• TASK TO COMPLETE: From the listing below, reproduce exactly the lines starting with the one with "Shubham Fine Bridal" and going on through the one with "Handel, George Frederic.", both ends kept. No picture is copied.

+++ RECORDS FOR PROCESSING

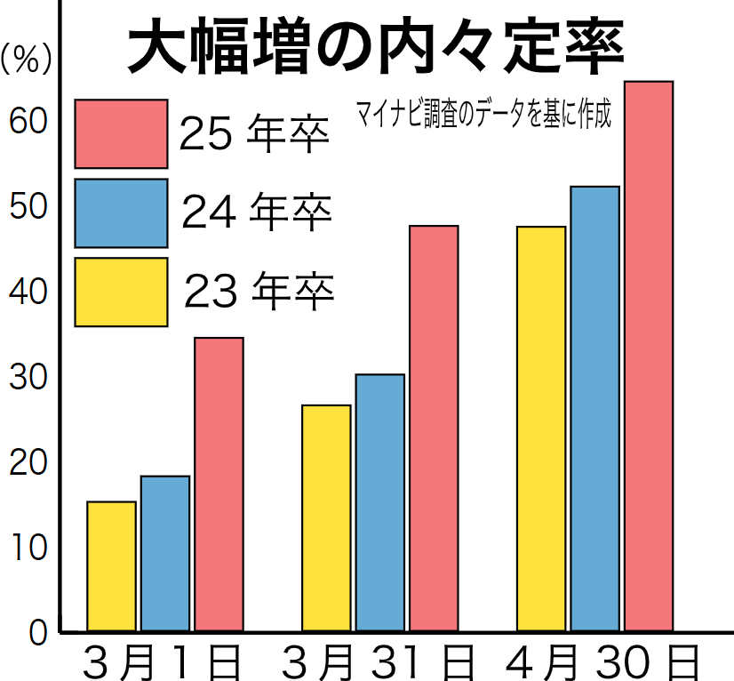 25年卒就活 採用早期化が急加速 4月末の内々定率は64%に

++++++
+++ RECORDS FOR PROCESSING

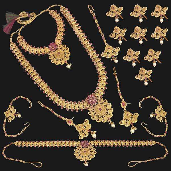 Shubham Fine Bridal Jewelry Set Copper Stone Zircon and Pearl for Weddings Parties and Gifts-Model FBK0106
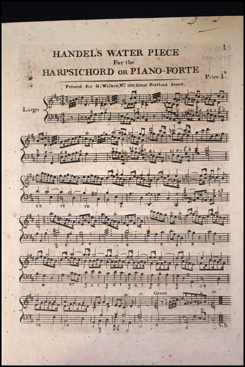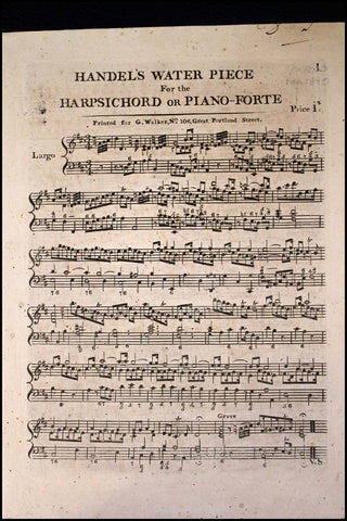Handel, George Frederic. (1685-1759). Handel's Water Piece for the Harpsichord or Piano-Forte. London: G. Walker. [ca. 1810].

++++++

• RESULT FOR THIS EXERCISE:
 Shubham Fine Bridal Jewelry Set Copper Stone Zircon and Pearl for Weddings Parties and Gifts-Model FBK0106
Handel, George Frederic. (1685-1759). Handel's Water Piece for the Harpsichord or Piano-Forte. London: G. Walker. [ca. 1810].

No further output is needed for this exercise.